Casey Luskin Has Come Unstuck In Time

Casey Luskin takes note of the Elsberry and Shallit essay in Synthese 2011/01 in this way:

I would have hoped that if Weber, a biochemist, was going to refute intelligent design, he would have provided more detail. Weber might protest that such an argument would be more appropriate to make in a scientific journal rather than a philosophy journal. What are we to make, then, of the fact that Wesley Elsberry and Jeffrey Shallit have a technical and scientific response to William Dembski in the issue of Synthese?

It turns out that Elsberry and Shallit have a sophisticated but extremely out-of-date contribution in the issue which seems based upon their old 2003 article, “Information Theory, Evolutionary Computation, and Dembski’s Complex Specified Information.” In fact, their piece in Synthese has exactly the same title as that old piece. This out-of-date paper has only one citation post 2004, and it isn’t to a paper that deals with the work of Dembski.

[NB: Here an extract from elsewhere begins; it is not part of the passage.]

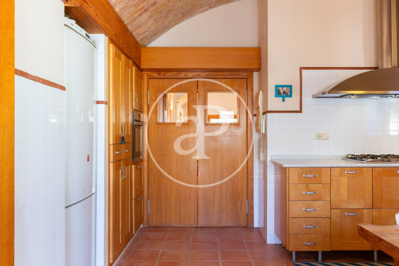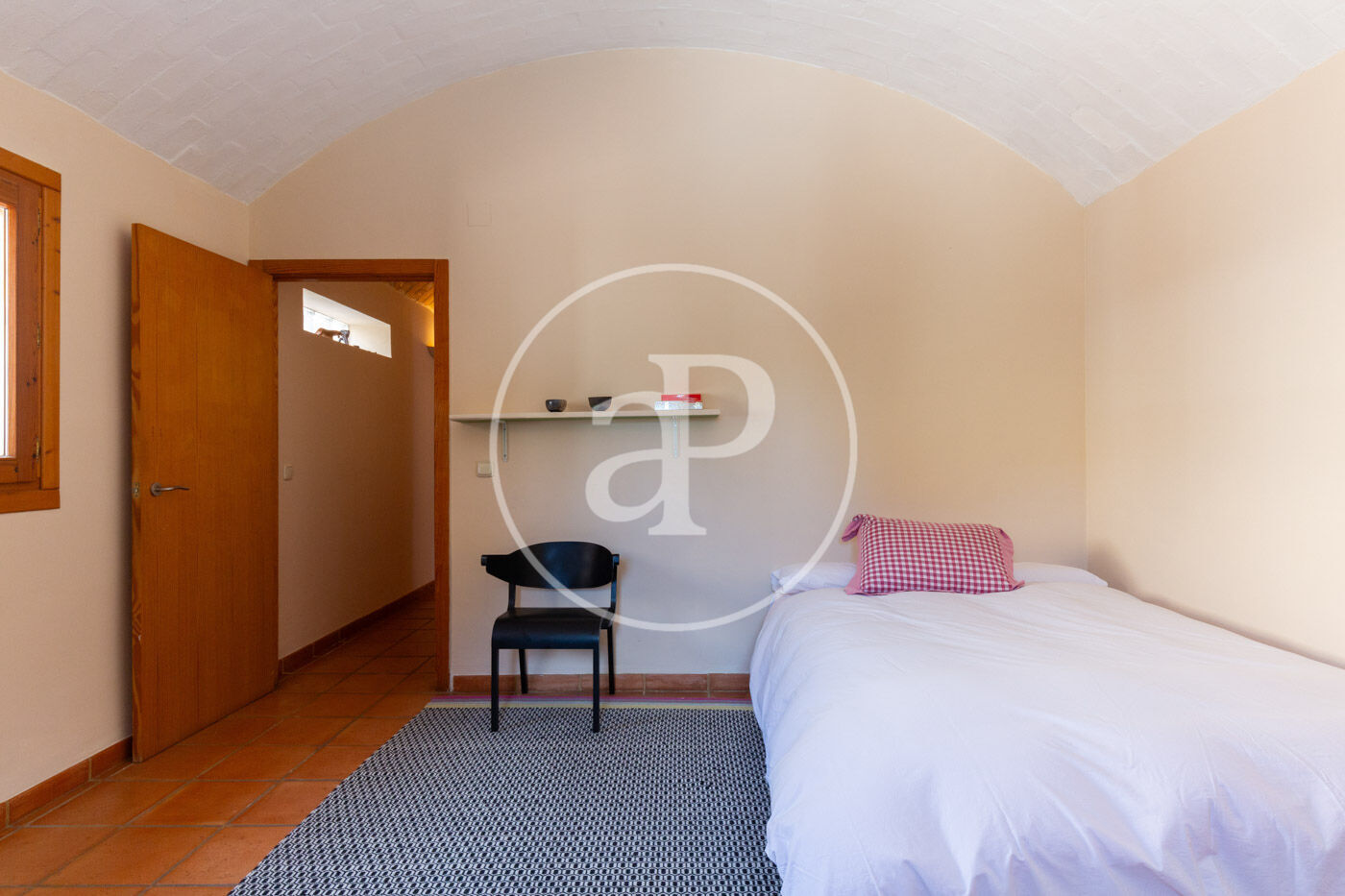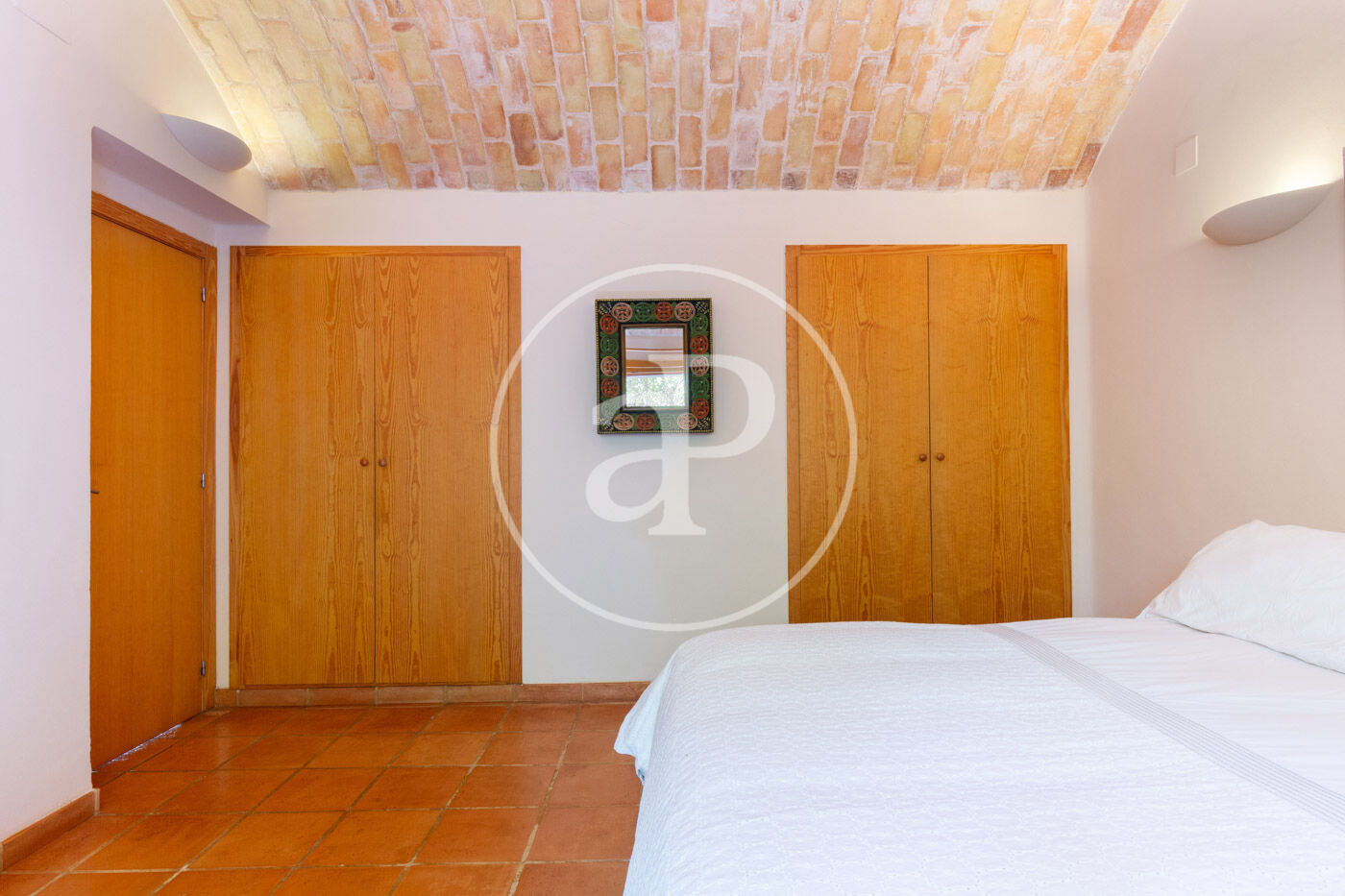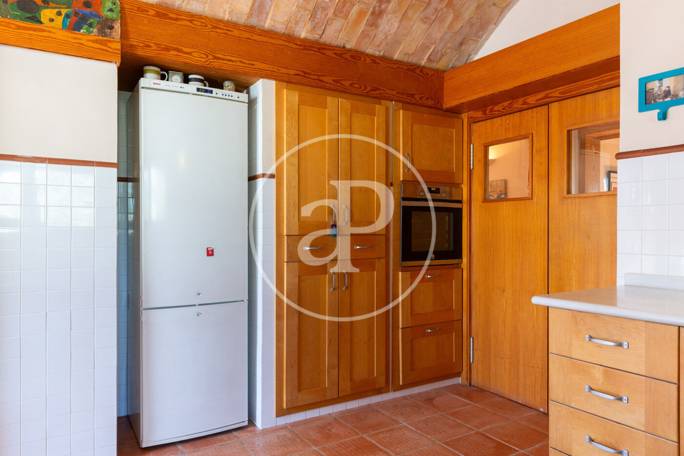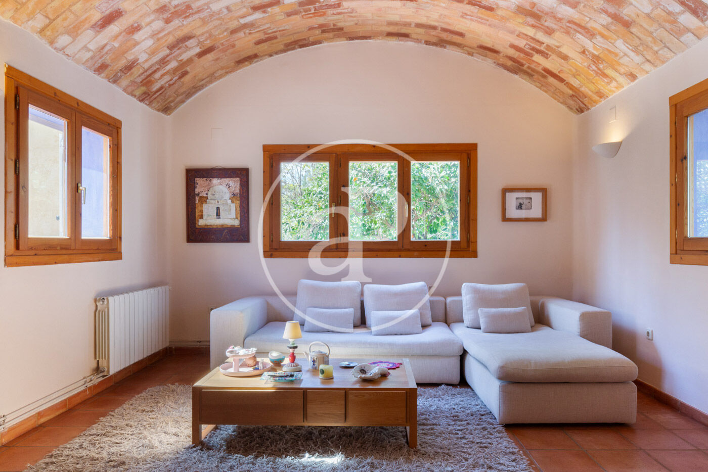 Se trata de una vivienda estilo mediterráneo, de diseño minimalista y con numerosos detalles arquitectónicos, en los que cabe resaltar sus techos abovedados de ladrillo caravista de cuatro metros de altura, vistas hacia el jardín, una chimenea de leña y unos acabados que hacen que sea única.

In terms of their citations to Dembski’s work, their latest citation is 2004, despite the fact that Dembski has published multiple peer-reviewed papers in recent years studying the origin of information.

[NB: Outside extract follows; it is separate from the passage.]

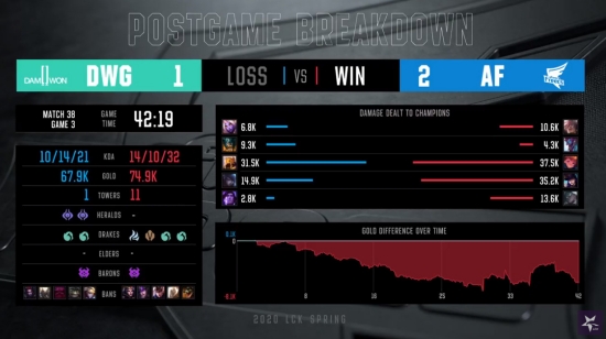 바론 버프를 바탕으로 아프리카는 담원게이밍의 본진에 진군했고, 이를 담원은 막지 못했다. 세트스코어 2대1.

We submitted our essay to Synthese on 2009/03/23. It was released online by 2009/04/20. It appears in print in the January 2011 issue. In general, authors can only respond to papers that are published before the date of publication.

So let’s look at the list of “peer-reviewed papers in recent years” that Casey says shows that we weren’t keeping up with Dembski. I’ve scraped these from the linked page and added dates and elapsed time values from our essay submission date.

Bernoulli’s Principle of Insufficient Reason and Conservation of Information in Computer Search
William A. Dembski and Robert J. Marks II
Published 2009/10, 6 months after our submission

Conservation of Information in Search: Measuring the Cost of Success
William A. Dembski and Robert J. Marks II
Published 2009/09, 6 months after our submission

LIFE’S CONSERVATION LAW: Why Darwinian Evolution Cannot Create Biological Information
William A. Dembski and Robert J. Marks II
Published 2009/06/16, 2.5 months after our submission

The Search for a Search: Measuring the Information Cost of Higher Level Search
William A. Dembski and Robert J. Marks II
Published 2010/04/01, 12 months after our submission

Efficient Per Query Information Extraction from a Hamming Oracle [with Erratum]
Winston Ewert, George Montañez, William A. Dembski, Robert J. Marks II
Conference held 2010/03/07-09, 11 months after our submission

Evolutionary Synthesis of Nand Logic: Dissecting a Digital Organism
Winston Ewert, William A. Dembski and Robert J. Marks II
Published 2009/10, 6 months after our submission

A Vivisection of the ev Computer Organism: Identifying Sources of Active Information
George Montañez, Winston Ewert, William A. Dembski, Robert J. Marks II
Published 2010, at least 8 months after our submission

Not a one of the linked papers Casey referred to was published prior to our essay’s submission. Casey obviously expects critics either to shut up entirely or to be clairvoyant.

It should also be noted that the papers Casey erroneously cites aren’t delivering modifications of Dembski’s “complex specified information” concept. Nor do they set aside any of the concerns we raised about Dembski’s earlier outings in critiquing evolutionary computation. Quite the contrary, Dembski has elaborated his “probability amplifier” tosh into what he now calls “active information”. If Casey believes that an argument of ours would be significantly affected by something presented in those papers, he is welcome to be specific: identify which argument of ours he thinks is affected, and which part of the very recent papers bears upon it, and how it actually relates to our argument.

In any case, trying to claim that an essay should cite papers published after its submission is simply the level of argument we’ve come to expect from Casey Luskin. Coming unstuck in time may happen to Casey, but the rest of us have to experience things sequentially as they happen.